9.2 Item-fit summary

cohort model domain items underfit severe
Foundation S2 Binary items 179 13 6
Foundation S3 Binary items 179 13 6
Year 1 S2 Binary items 293 25 8
Year 1 S3 Binary items 293 25 10
Foundation S2 Number-line items 20 0 0
Foundation S3 Number-line items 20 0 0
Year 1 S2 Number-line items 37 0 0
Year 1 S3 Number-line items 37 0 0
Cohort Model Mean |z| Mean RMSE z
Foundation S2 0.724 0.983
Foundation S3 0.731 0.987
Year 1 S2 0.742 0.986
Year 1 S3 0.752 0.990

Binary item-fit issues are common across models, suggesting broad instrument-level misfit rather than a problem unique to one joint specification.

10 External validity

10.1 Teacher rating and PAT relationships

Cohort Model Teacher rho PAT rho (latest) PAT rho (strict EOY) Raw total rho
Foundation S1 0.386 0.217 0.290 0.676
Foundation S2 0.392 0.213 0.307 0.672
Foundation S3 0.384 0.218 0.283 0.670
Foundation S4 0.373 0.201 0.269 0.634
Year 1 S1 0.490 0.518 0.650 0.815
Year 1 S2 0.489 0.515 0.647 0.816
Year 1 S3 0.490 0.509 0.649 0.810
Year 1 S4 0.485 0.505 0.653 0.793

The joint models all improve on the S0 benchmark for most external-validity slices.

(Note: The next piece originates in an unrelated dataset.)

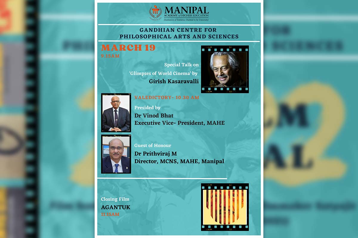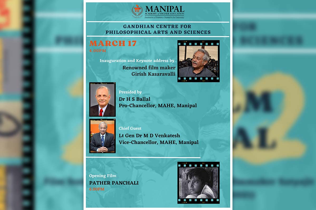 Manipal, 16th March 2022: The three-day Satyajit Ray Film Festival (March 17- 19, 2022) will be inaugurated by renowned filmmaker Girsh Kasaravalli on March 17 at 4 pm. The film festival, which commemorates the birth-centenary of master filmmaker Satyajit Ray (1921-2021), is being organized by Gandhian Centre for Philosophical Arts and Sciences, MAHE, Manipal.

Among the joint candidates, S2 and S3 are the closest pair, and the current evidence does not show a large enough outcome-side gain to force the more complex S2 specification.

11 Fairness and proxy screens

Cohort Model Max theta group R2 Max speed group R2
Foundation S1 0.026 0.025
Foundation S2 0.027 0.021
Foundation S3 0.026 0.019
Foundation S4 0.027 0.015
Year 1 S1 0.047 0.017
Year 1 S2 0.047 0.020
Year 1 S3 0.048 0.022
Year 1 S4 0.048 0.032

The subgroup proxy screens are small overall. At this stage there is no strong evidence that the speed factors are mainly acting as proxies for demographic grouping variables.

12 Linking caveat

All reviewed R0 runs have n_bridge_anchors = 0. That means this report supports the within-Term-3 choice of a preferred joint model, but it does not establish anchor-based linking across forms or occasions.

13 Final recommendation

  • Prefer S3 when the target construct is timed-math speed and the goal is a transparent, operationally simple model.
  • Use S2 only if a separate baseline/general-speed adjustment is explicitly required for interpretation or reporting.
  • On current evidence, that adjustment has only a modest practical effect on student timed-math speed scores.
  • Keep S0 only as the benchmark reference, not as a candidate answer.